Matter of Coast Mar. Co. Ltd. v Holland & Knight LLP
2025 NY Slip Op 06273 [243 AD3d 468]
November 18, 2025
Appellate Division, First Department
Published by New York State Law Reporting Bureau pursuant to Judiciary Law § 431.
As corrected through Wednesday, January 6, 2027


[*1]
 In the Matter of Coast Marine Company Limited, Respondent,
v
Holland & Knight LLP et al., Appellants.

Holland & Knight LLP, New York (Trisha M Rich of counsel), for appellants.

Anderson Kill P.C., New York (Jeremy B. Shockett of counsel), for respondent.


HEADNOTES


Attorney and Client - Disqualification - Conflict of Interest - Representation of Entity Managed by Same Group

Order, Supreme Court, New York County (Gerald Lebovits, J.), entered on or about June 18, 2025, which, to the extent appealed from, granted the petition to disqualify respondents from representing Integr8 Fuels Inc. and Integr8 Fuels Asia Pte Ltd. (together Integr8) in an arbitration, unanimously reversed, on the law and in the exercise of discretion, with costs, and that part of the petition denied.

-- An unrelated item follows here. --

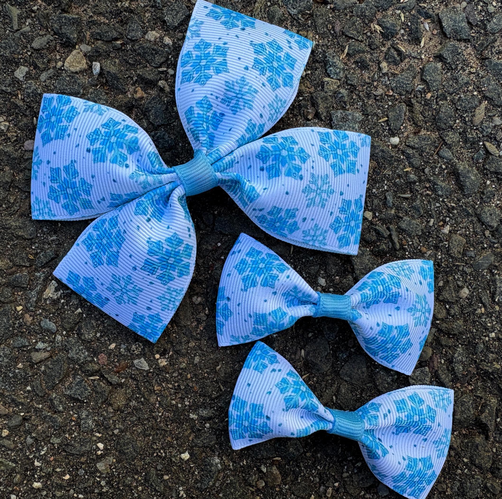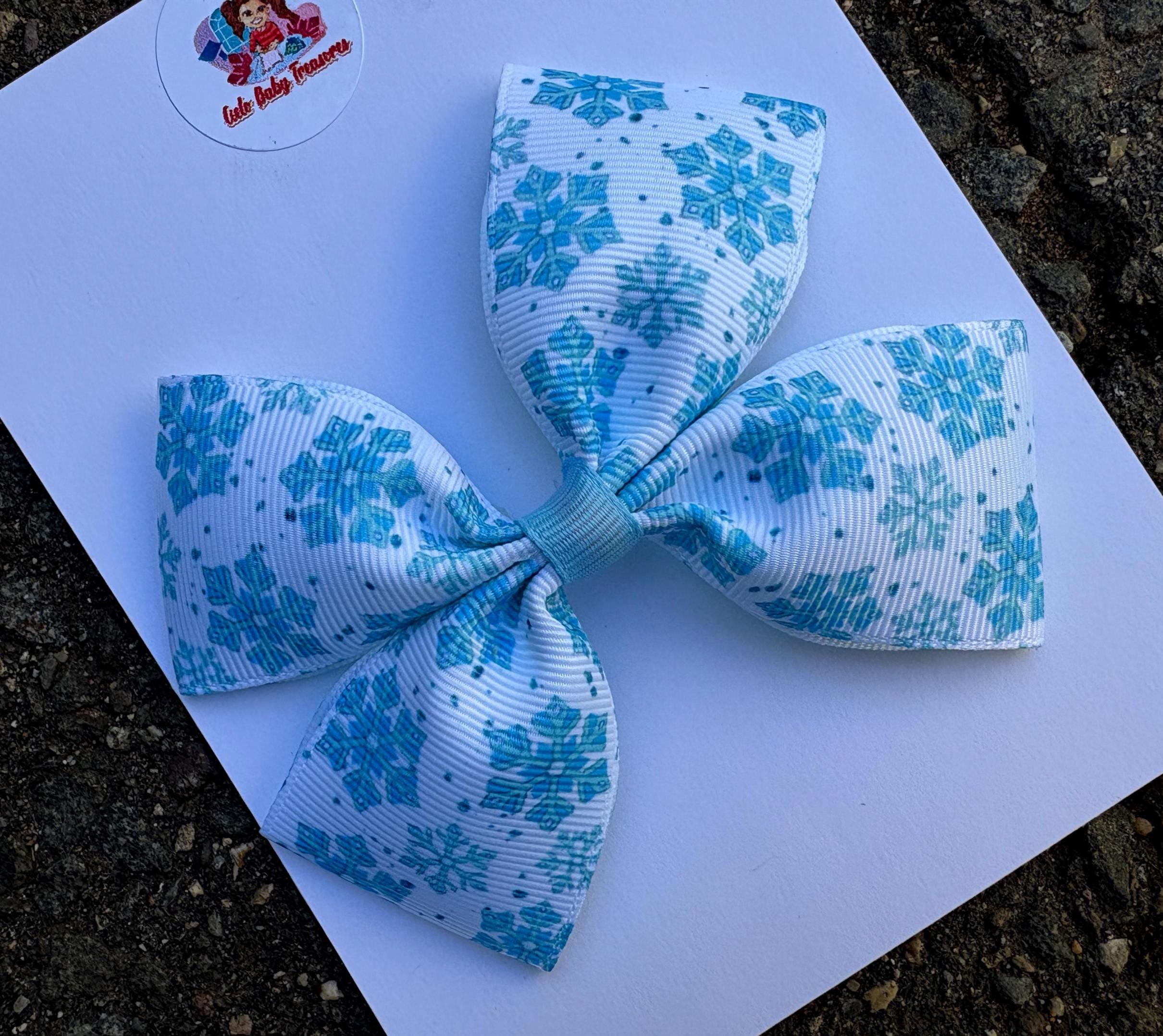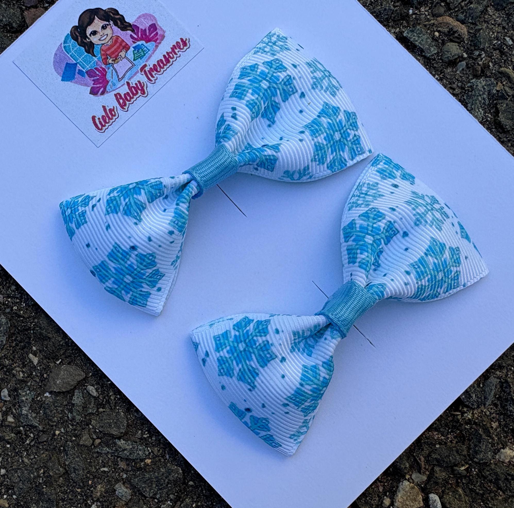 White and Blue-Snowflake hair bows/Christmas Bow Ices/Frozen Snowflake/Winter Hair Bow/Wonderland Double Stacked Glitter Bow Sparkle

In February 2020, respondent Holland & Knight (H&K) entered into an engagement letter with nonparty Stigma Shipbuilding Ltd. to represent it in an arbitration. H&K's Terms of Engagement, which were attached to its engagement letters with Stigma, clearly state that H&K is representing only Stigma, not its parent, subsidiaries, or affiliates. Stigma—a special purpose entity—was managed by Blumenthal Asia Pte Ltd. Blumenthal Asia was not an affiliate of Stigma.

In March 2022, petitioner brought an arbitration in New York against Integr8, which retained H&K as counsel. Petitioner—another special purpose entity—was originally managed by Johann M.K. Blumenthal GmbH & Co. KG (Blumenthal Germany), and then, in April 2023, according to petitioner, management was transferred to Blumenthal Asia. However, during the arbitral hearing a representative of Blumenthal Asia stated that petitioner was managed by Blumenthal Germany. Two years after commencing the arbitration, petitioner sought to have H&K disqualified, arguing that H&K formed an attorney-client relationship with Blumenthal Asia, and thus petitioner, through its representation of Stigma in the prior unrelated arbitration.

The court incorrectly granted the petition to disqualify H&K. Even if Blumenthal Asia was also H&K's client by virtue of its representation of Stigma in a prior unrelated arbitration (see e.g. Atrotos Shipping Co., S.A. v Swedish Club, 2002 WL 1041221, *4, 2002 US Dist LEXIS 9018, *11-12 [SD NY, May 23, 2002, No. 02 CIV 416 (RPP)]), petitioner, which was managed by Blumenthal Germany at the time the alleged conflict arose, failed to show that the attorney-client relationship between H&K and Blumenthal Asia somehow transferred over to Blumenthal Germany and then to petitioner.

Even if petitioner could somehow be considered H&K's client, it waived any conflict by waiting more than two years to move to disqualify H&K (see St. Barnabas Hosp. v New York City Health & Hosps. Corp., 7 AD3d 83, 90 [1st Dept 2004]; Lewis v Unigard Mut. Ins. Co., 83 AD2d 919, 920 [1st Dept 1981]).

Finally, the court failed to consider the prejudice to Integr8 if respondents were disqualified, including the additional costs of retaining new counsel and the resultant delay in the arbitration (see S & S Hotel Ventures Ltd. Partnership v 777 S. H. Corp., 69 NY2d 437, 443 [1987]; Talvy v American Red Cross in Greater N.Y., 205 AD2d 143, 154 [1st Dept 1994], affd 87 NY2d 826 [1995]; Strongback Corp. v N.E.D. Cambridge Ave. Dev. Corp., 32 AD3d 793, 794 [1st Dept 2006]). Concur—Webber, J.P., González, Mendez, Rodriguez, Pitt-Burke, JJ.